▸ Your objective
From the line containing "1. 〜つ (tsu) — for general objects" down to the line containing "This is a 14", copy out the entries below exactly, both lines included, and nothing else; pictures do not belong in the copy.

▸ Records supplied
=== Section Start ===
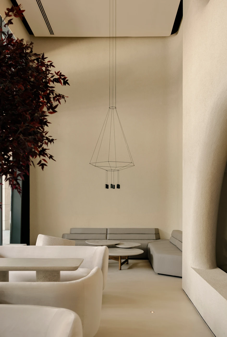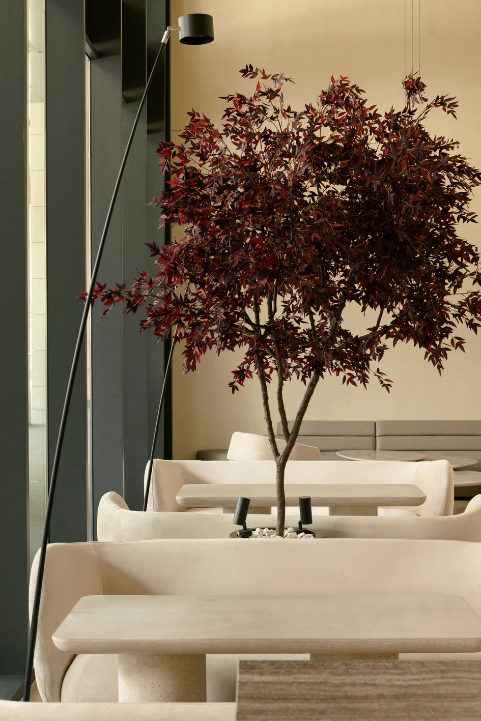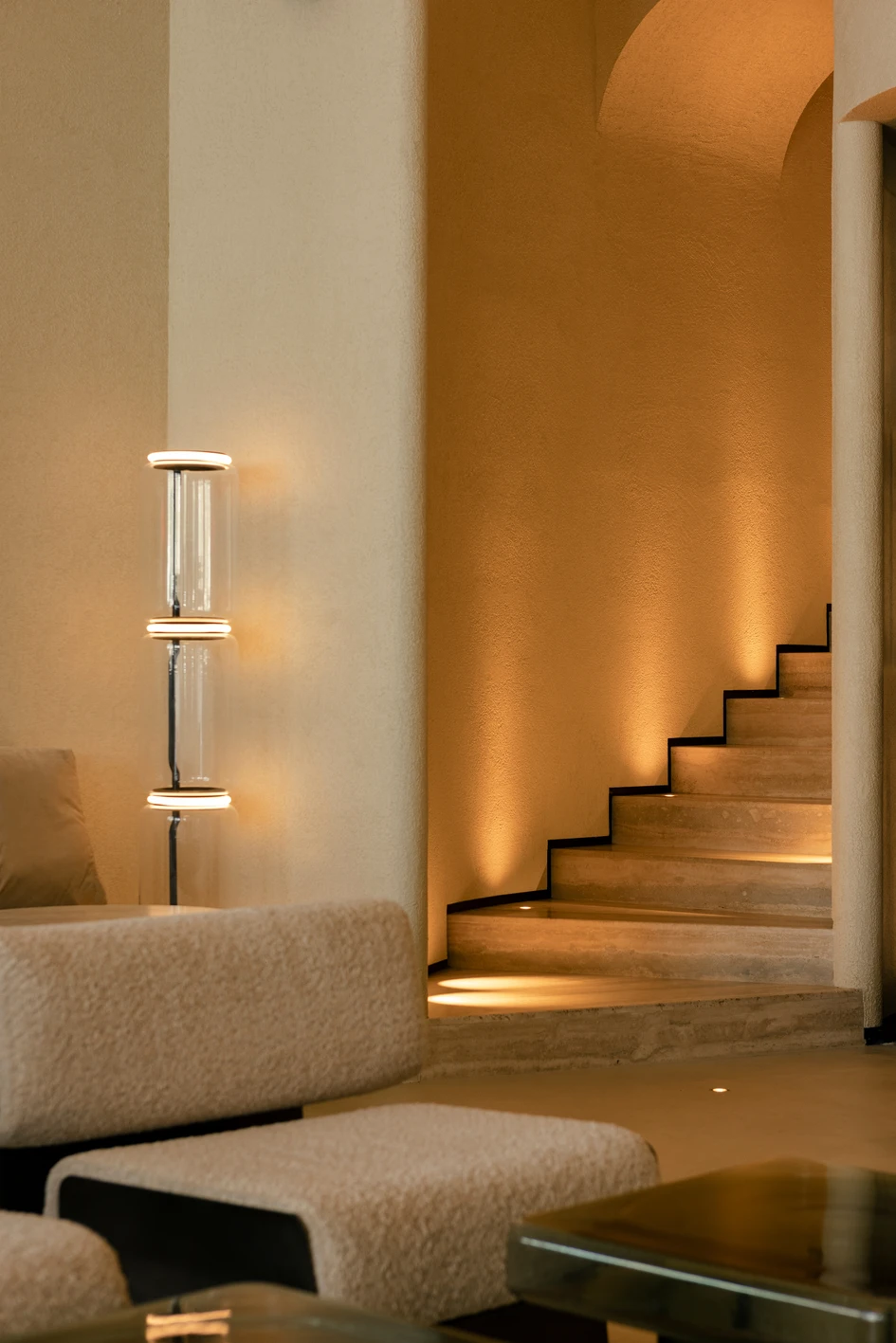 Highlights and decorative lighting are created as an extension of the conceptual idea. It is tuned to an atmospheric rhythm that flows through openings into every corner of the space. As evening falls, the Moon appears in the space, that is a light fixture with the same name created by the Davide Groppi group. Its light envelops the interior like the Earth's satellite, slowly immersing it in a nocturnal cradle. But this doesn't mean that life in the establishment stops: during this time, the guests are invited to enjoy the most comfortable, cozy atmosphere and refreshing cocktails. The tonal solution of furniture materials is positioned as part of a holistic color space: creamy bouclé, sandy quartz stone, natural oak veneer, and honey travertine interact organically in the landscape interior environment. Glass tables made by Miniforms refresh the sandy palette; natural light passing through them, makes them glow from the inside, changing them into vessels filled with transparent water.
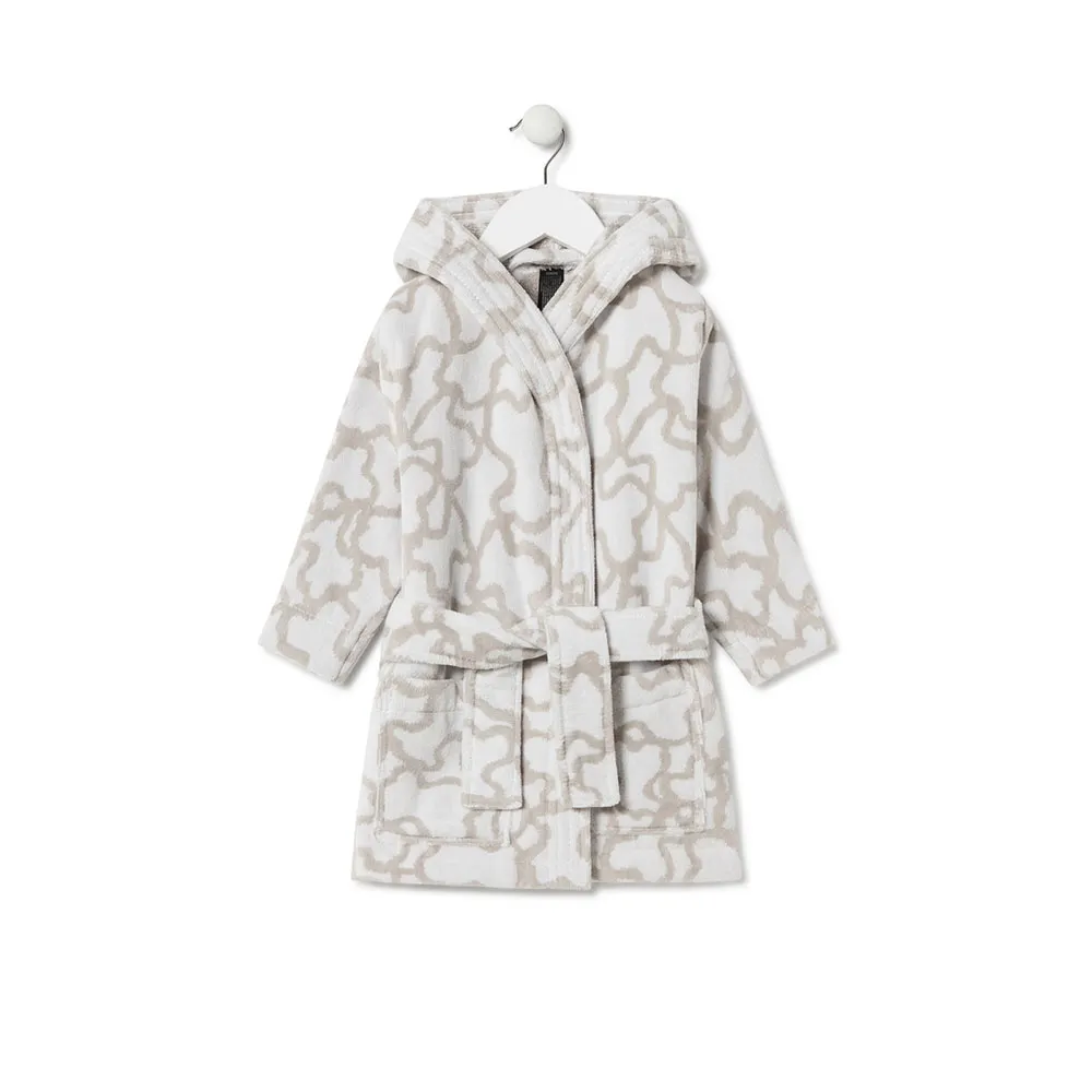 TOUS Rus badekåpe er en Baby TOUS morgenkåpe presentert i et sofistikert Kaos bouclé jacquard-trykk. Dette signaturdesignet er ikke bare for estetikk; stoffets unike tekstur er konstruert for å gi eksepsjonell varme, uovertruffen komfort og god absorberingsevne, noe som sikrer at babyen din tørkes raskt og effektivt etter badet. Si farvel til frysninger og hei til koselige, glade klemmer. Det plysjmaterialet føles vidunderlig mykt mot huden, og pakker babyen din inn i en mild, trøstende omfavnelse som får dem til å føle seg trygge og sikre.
=== Section End ===
=== Section Start ===
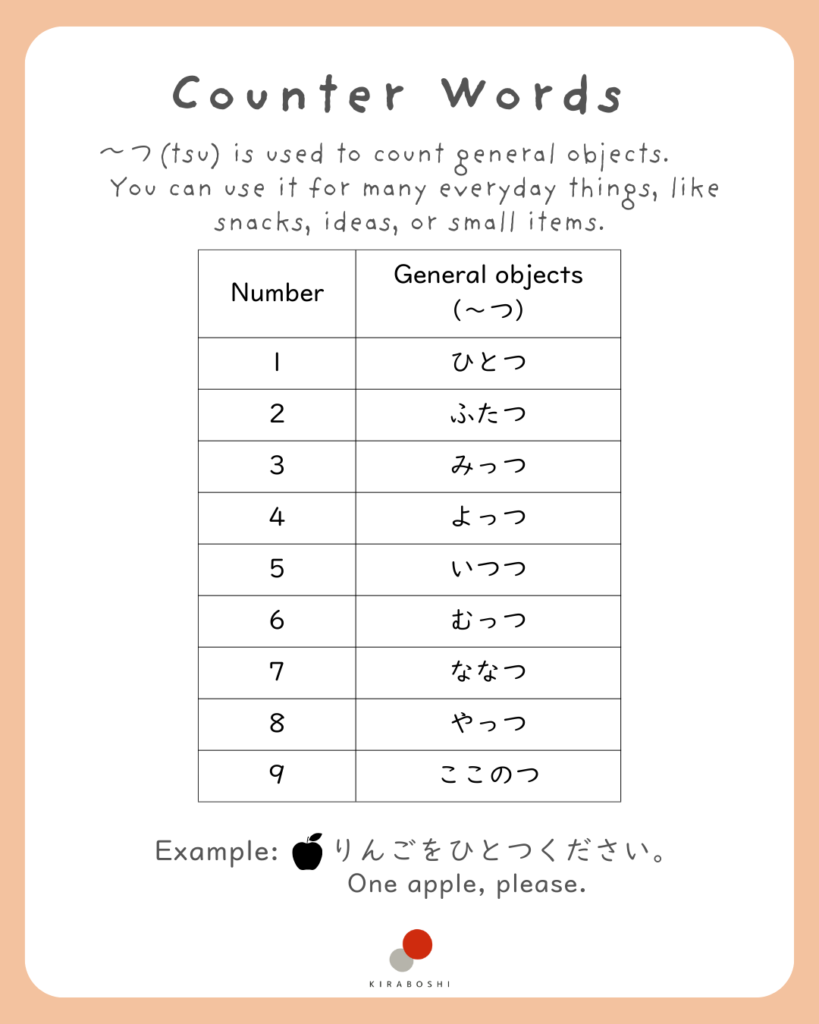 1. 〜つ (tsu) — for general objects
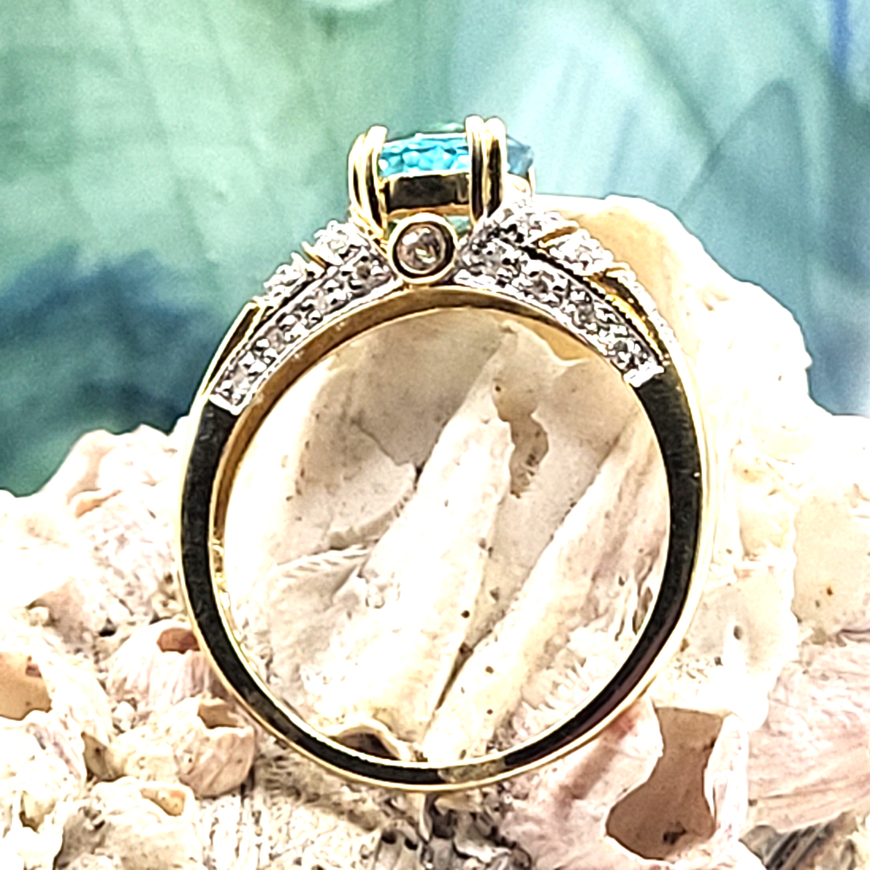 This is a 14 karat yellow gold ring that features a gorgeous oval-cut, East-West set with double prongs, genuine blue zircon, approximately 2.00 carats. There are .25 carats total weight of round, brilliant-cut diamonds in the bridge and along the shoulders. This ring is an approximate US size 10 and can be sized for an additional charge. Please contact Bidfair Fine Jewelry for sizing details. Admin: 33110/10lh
=== Section End ===
▸ Answer to this problem
 1. 〜つ (tsu) — for general objects
 This is a 14 karat yellow gold ring that features a gorgeous oval-cut, East-West set with double prongs, genuine blue zircon, approximately 2.00 carats. There are .25 carats total weight of round, brilliant-cut diamonds in the bridge and along the shoulders. This ring is an approximate US size 10 and can be sized for an additional charge. Please contact Bidfair Fine Jewelry for sizing details. Admin: 33110/10lh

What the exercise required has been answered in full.